Getting into Compliance

There are five main methods people/businesses use to get into compliance. Four of these methods are perfectly legitimate as long as you meet the requirements for the particular mechanism of disclosure. The fifth alternative, which is called a Quiet Disclosure a.k.a. Silent Disclosure a.k.a. Soft Disclosure, is ill-advised as it is illegal and very well may result in criminal prosecution.

We are going to provide a brief summary of each program below. We have also included links to the specific programs. If you are interested, we have also prepared very popular “FAQs from the Trenches” for FBAR, OVDP and Streamlined Disclosure reporting. Unlikes the technical jargon of the IRS FAQs, our FAQs are based on the hundreds of different types of issues we have handled over the many years that we have been practicing international tax law and offshore disclosure in particular.

After reading this webpage, we hope you develop a basic understanding of each offshore disclosure alternative and how it may benefit you to get into compliance. We do not recommend attempting to disclose the information yourself as you may become subject to an IRS investigation insofar as you will have to answer questions directly to the IRS, which you can avoid with an attorney representative.

If you retain an attorney, then you will get the benefit of the attorney-client privilege which provides confidentiality between you and your representative. With a CPA, there is a relatively small privilege which does provide some comfort, but the privilege is nowhere near as strong as the confidentiality privilege you enjoy with an attorney.

Since you will be dealing with the Internal Revenue Service and they are not known to play nice or fair – it is in your best interest to obtain an experienced Offshore Disclosure Attorney.

1. OVDP 

OVDP is the Offshore Voluntary Disclosure Program — a program designed to facilitate taxpayer compliance with IRS, DOT, and DOJ International Tax Reporting and Compliance. It is generally reserved for individuals and businesses who were “Willful” (aka intentional) in their failure to comply with U.S. Government Laws and Regulations.

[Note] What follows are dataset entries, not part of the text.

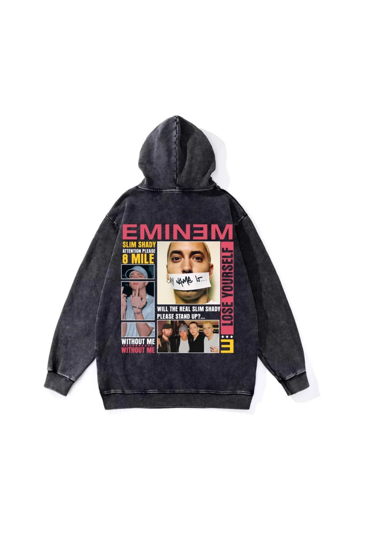 Yıkamalı Eminem Vintage Kapüşonlu Sweatshirt
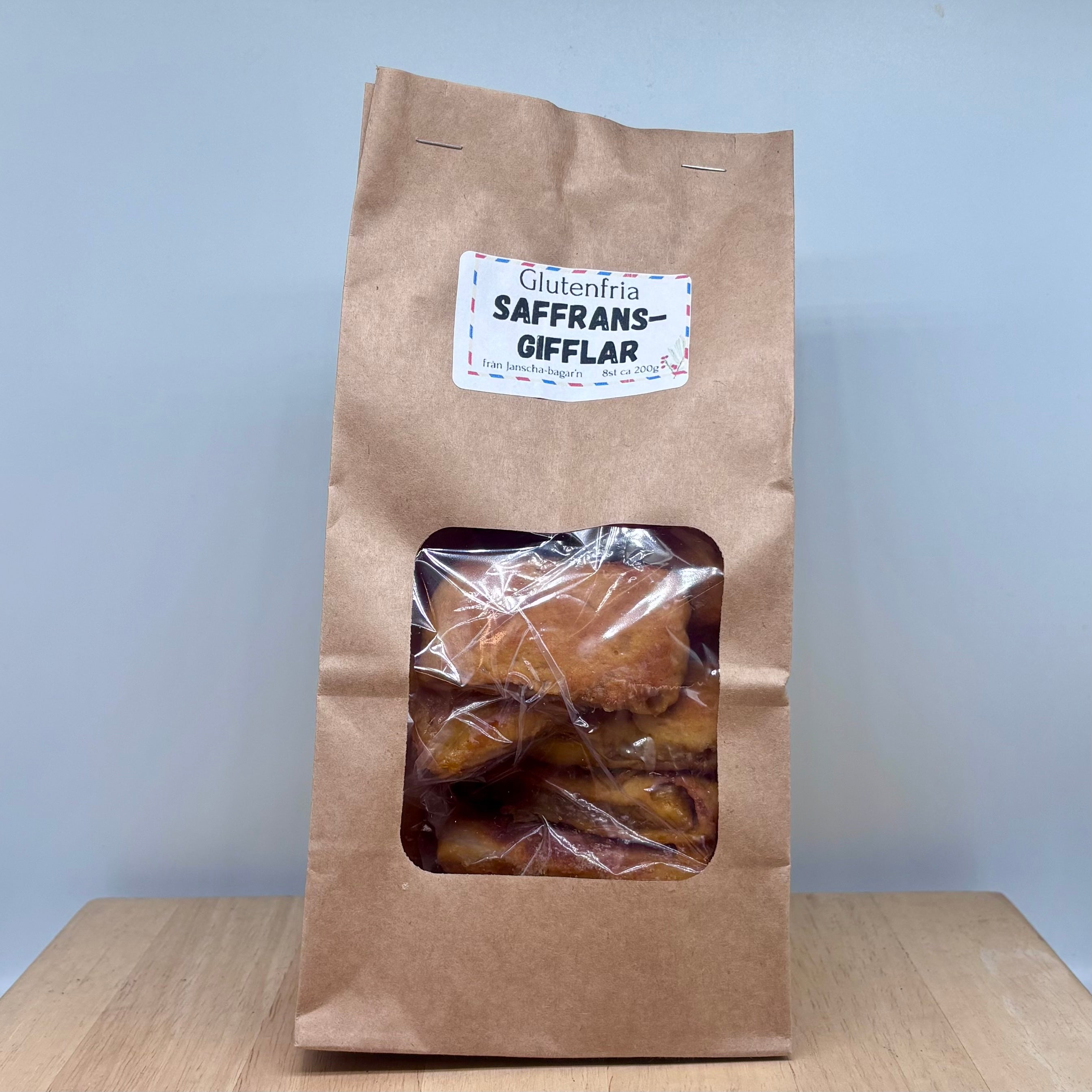 Glutenfria saffransgifflar från Janscha-bagar'n i Långträsk, Sjulsmark utanför Piteå.
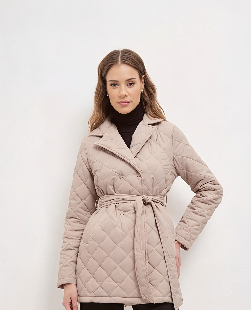 Обратите внимание на варианты с ромбовидной стёжкой средней величины — она создаёт элегантную фактуру, не добавляя лишнего объёма. Приталенные модели с поясом особенно хороши: они подчёркивают силуэт и создают женственную линию. Длина до середины бёдер или чуть ниже — оптимальна, такая куртка прикрывает бёдра и при этом не укорачивает ноги визуально.
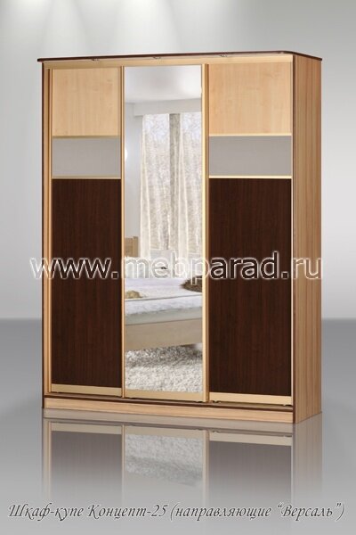 Шкаф-купе "Концепт - 25"имеет раздвижные двери и особенно понравится любителям стиля хай-тек. Подобрав наиболее удачное сочетание цвета и фактуры материалов, Вы получите идеальный шкаф для Вашей комнаты или прихожей. Модель удобна и вместительна, изготовлена из экологически чистых качественных материалов. Направляющие "Versal" (золото, серебро, бронза, шампань), при изготовлении с направляющими в цвет шкафа необходимо прибавить + 1500 руб. Производится с использованием комплектующих из анодированного алюминиевого профиля. Усовершенствованная конструкция роликов и направляющих обеспечивает бесшумный и плавный ход дверей.
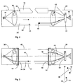 - the Justageblende 54 still two slot openings 86 and 88, passes through the light of the light beam 34, to form two auxiliary Justagelichtstrahlen. These are used for the coarse alignment as well as described above with respect to the adjustment beam 58.
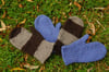 Note that the instructions provided are for a basic, plain stockinette mitten. For details of how I worked the blue sample with the detail stitch or placed the stripes on the brown-and-grey pair you can refer to the notes on my project pages. Detailed notes to help with varying the design to your own taste are also provided in the pattern.

The Offshore Voluntary Disclosure Program is open to any US taxpayer who has offshore and foreign accounts and has not reported the financial information to the Internal Revenue Service (restrictions apply). There are some basic program requirements, with the main one being that the person/business who is applying under this amnesty program is not currently under IRS examination.

The reason is simple: OVDP is a voluntary program and if you are only entering because you are already under IRS examination, then technically, you are not voluntarily entering the program – rather, you are doing so under duress.

Any account that would have to be included on either the FBAR or 8938 form as well as additional income generating assets such as rental properties are accounts that qualify under OVDP. It should be noted that the requirements are different for the modified streamlined program, in which the taxpayer penalties are limited to only assets that are actually listed on either an FBAR or 8938 form; thus the value of a rental property (reduced by any outstanding mortgage) would not be calculated into the penalty amount in a streamlined application, but it would be applicable in an OVDP submission.

An OVDP submission involves the failure of a taxpayer(s) to report foreign and overseas accounts such as: Foreign Bank Accounts, Foreign Financial Accounts, Foreign Retirement Accounts, Foreign Trading Accounts, Foreign Insurance, and Foreign Income, including 8938s, FBAR, Schedule B, 5741, 3520, and more.

What is Included in the Full OVDP Submission?

The full OVDP application includes:

  • Eight (8) years of Amended Tax Return filings;
  • Eight (8) Years of FBAR (Foreign Bank and Account Reporting Statements);
  • Penalty Computation Worksheet; and
  • Various OVDP specific documents in support of the application.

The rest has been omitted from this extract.